Environmental NGOs argue the episode exposes a regulatory blind spot. “Malta has no maximum limit on foam discharge, only vague guidelines on ‘visible opacity’,” said Tricia Mizzi from Friends of the Earth. “Meanwhile, the government has licensed a further 80 hectares of offshore cages by 2027 to meet Asian tuna demand.” The lobby group is organising a “Swim-In Protest” this Saturday, inviting bathers to link inflatable doughnuts at the exact coordinates of the pens.
Back on the promenade, 71-year-old pensioner Joe “il-Bosk” Farrugia remembers when fishermen rowed out on paint-peeled luzzus and the only foam came from waves hitting the rocks. “We used to joke that the sea was so clean you could rinse your dentures in it,” he laughed, sipping a Kinnie while watching a council tractor hose down the last traces of slime. “Now we need a press conference to tell us soap is soap.”
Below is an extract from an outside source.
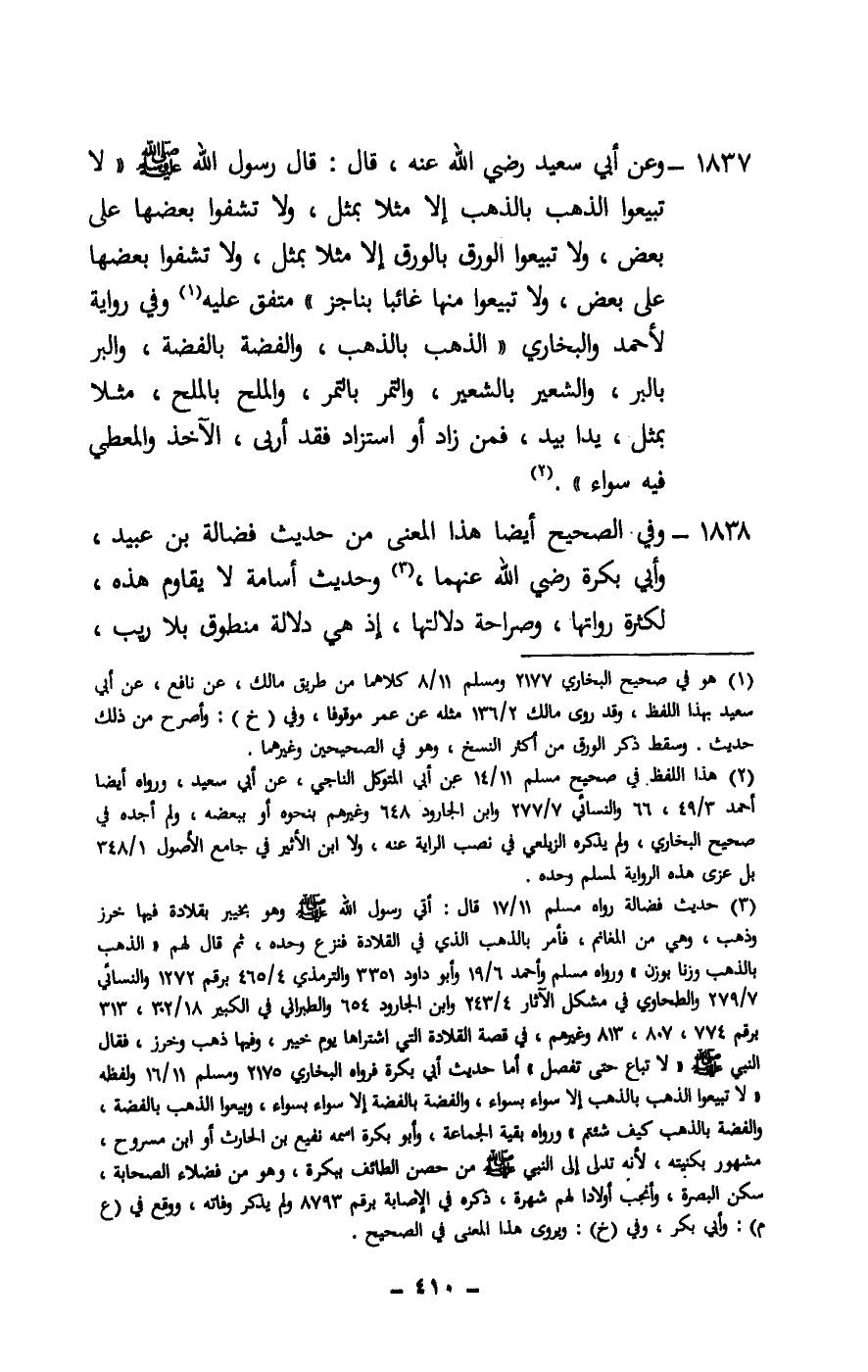 1837 - وعن أبي سعيد - رَضِيَ اللَّهُ عَنْهُ -، قال: قال رسول الله - صَلَّى اللَّهُ عَلَيْهِ وَسَلَّمَ - «لا تبيعوا الذهب بالذهب إلا مثلا بمثل، ولا تشفوا بعضها على بعض، ولا تبيعوا الورق بالورق إلا مثلا بمثل، ولا تشفوا بعضها على بعض، ولا تبيعوا منها غائبا بناجز» متفق عليه وفي رواية لأحمد والبخاري «الذهب بالذهب، والفضة بالفضة، والبر بالبر، والشعير بالشعير، والتمر بالتمر، والملح بالملح، مثلا بمثل، يدا بيد، فمن زاد أو استزاد فقد أربى، الآخذ والمعطي فيه سواء» .

Whether the goo is truly benign or the canary in a coal-blue mine, one thing is certain: Marsascala has tasted the bitter-sweet reality of 21st-century Malta—where tradition, tourism and tuna dollars share the same shrinking patch of sea. Until the next slick surfaces, locals will keep scanning the horizon, hoping the only thing that glimmers is the sunrise.